=== Section Start ===
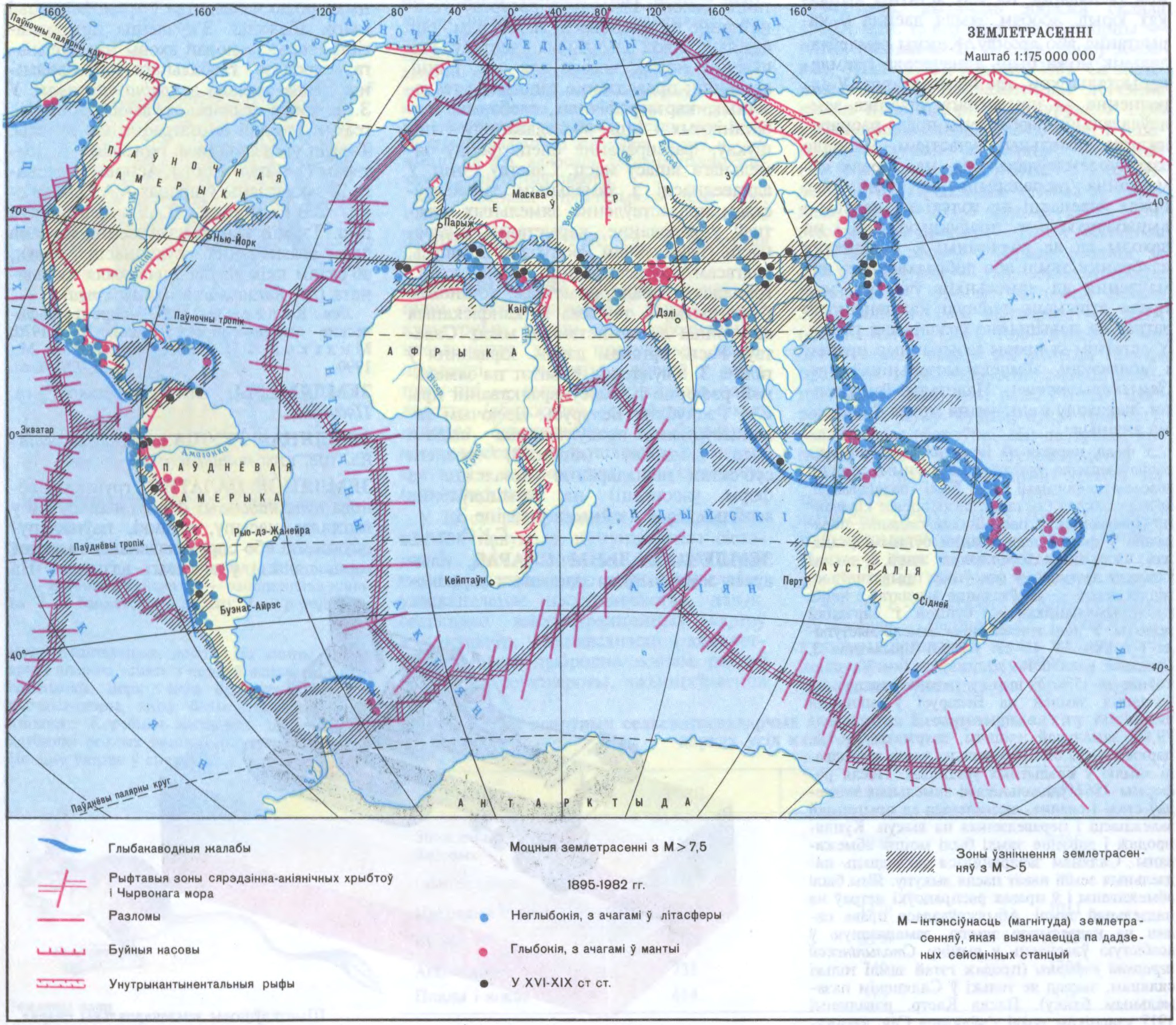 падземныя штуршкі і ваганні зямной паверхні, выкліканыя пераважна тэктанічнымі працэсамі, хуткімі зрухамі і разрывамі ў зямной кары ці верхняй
=== Section End ===
=== Section Start ===
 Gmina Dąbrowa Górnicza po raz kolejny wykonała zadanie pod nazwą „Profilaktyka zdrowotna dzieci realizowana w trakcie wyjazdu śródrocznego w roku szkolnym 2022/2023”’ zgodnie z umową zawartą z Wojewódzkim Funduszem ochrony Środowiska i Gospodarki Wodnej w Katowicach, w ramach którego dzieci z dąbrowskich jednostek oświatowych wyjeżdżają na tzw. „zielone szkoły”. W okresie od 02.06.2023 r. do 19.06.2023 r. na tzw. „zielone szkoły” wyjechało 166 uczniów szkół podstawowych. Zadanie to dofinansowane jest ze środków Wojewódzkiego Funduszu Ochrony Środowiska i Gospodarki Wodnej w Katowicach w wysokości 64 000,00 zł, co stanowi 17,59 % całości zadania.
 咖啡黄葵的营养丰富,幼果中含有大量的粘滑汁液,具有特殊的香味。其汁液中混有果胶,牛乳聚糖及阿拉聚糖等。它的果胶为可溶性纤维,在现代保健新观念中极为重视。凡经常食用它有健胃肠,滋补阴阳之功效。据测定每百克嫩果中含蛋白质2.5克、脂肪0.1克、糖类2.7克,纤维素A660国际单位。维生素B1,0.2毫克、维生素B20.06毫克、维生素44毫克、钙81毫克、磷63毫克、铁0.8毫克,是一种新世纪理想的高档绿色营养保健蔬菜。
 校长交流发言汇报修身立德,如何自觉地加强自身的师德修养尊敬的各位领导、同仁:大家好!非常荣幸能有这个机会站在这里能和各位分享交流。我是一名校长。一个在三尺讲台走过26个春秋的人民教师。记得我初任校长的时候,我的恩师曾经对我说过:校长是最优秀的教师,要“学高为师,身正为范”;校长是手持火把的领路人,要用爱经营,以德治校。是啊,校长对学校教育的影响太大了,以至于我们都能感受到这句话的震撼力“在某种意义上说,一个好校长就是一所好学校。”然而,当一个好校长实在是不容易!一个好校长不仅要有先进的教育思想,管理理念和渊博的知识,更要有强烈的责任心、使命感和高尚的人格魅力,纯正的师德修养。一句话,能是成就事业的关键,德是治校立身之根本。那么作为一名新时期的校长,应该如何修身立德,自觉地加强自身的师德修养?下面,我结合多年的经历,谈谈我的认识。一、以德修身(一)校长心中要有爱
=== Section End ===
Of all the entries above, output exactly the lines between the one holding "咖啡黄葵的营养丰富,幼果中含" and the one holding "校长交流发言汇报修身立德,如", inclusive.

● **Worked solution**:
 咖啡黄葵的营养丰富,幼果中含有大量的粘滑汁液,具有特殊的香味。其汁液中混有果胶,牛乳聚糖及阿拉聚糖等。它的果胶为可溶性纤维,在现代保健新观念中极为重视。凡经常食用它有健胃肠,滋补阴阳之功效。据测定每百克嫩果中含蛋白质2.5克、脂肪0.1克、糖类2.7克,纤维素A660国际单位。维生素B1,0.2毫克、维生素B20.06毫克、维生素44毫克、钙81毫克、磷63毫克、铁0.8毫克,是一种新世纪理想的高档绿色营养保健蔬菜。
 校长交流发言汇报修身立德,如何自觉地加强自身的师德修养尊敬的各位领导、同仁:大家好!非常荣幸能有这个机会站在这里能和各位分享交流。我是一名校长。一个在三尺讲台走过26个春秋的人民教师。记得我初任校长的时候,我的恩师曾经对我说过:校长是最优秀的教师,要“学高为师,身正为范”;校长是手持火把的领路人,要用爱经营,以德治校。是啊,校长对学校教育的影响太大了,以至于我们都能感受到这句话的震撼力“在某种意义上说,一个好校长就是一所好学校。”然而,当一个好校长实在是不容易!一个好校长不仅要有先进的教育思想,管理理念和渊博的知识,更要有强烈的责任心、使命感和高尚的人格魅力,纯正的师德修养。一句话,能是成就事业的关键,德是治校立身之根本。那么作为一名新时期的校长,应该如何修身立德,自觉地加强自身的师德修养?下面,我结合多年的经历,谈谈我的认识。一、以德修身(一)校长心中要有爱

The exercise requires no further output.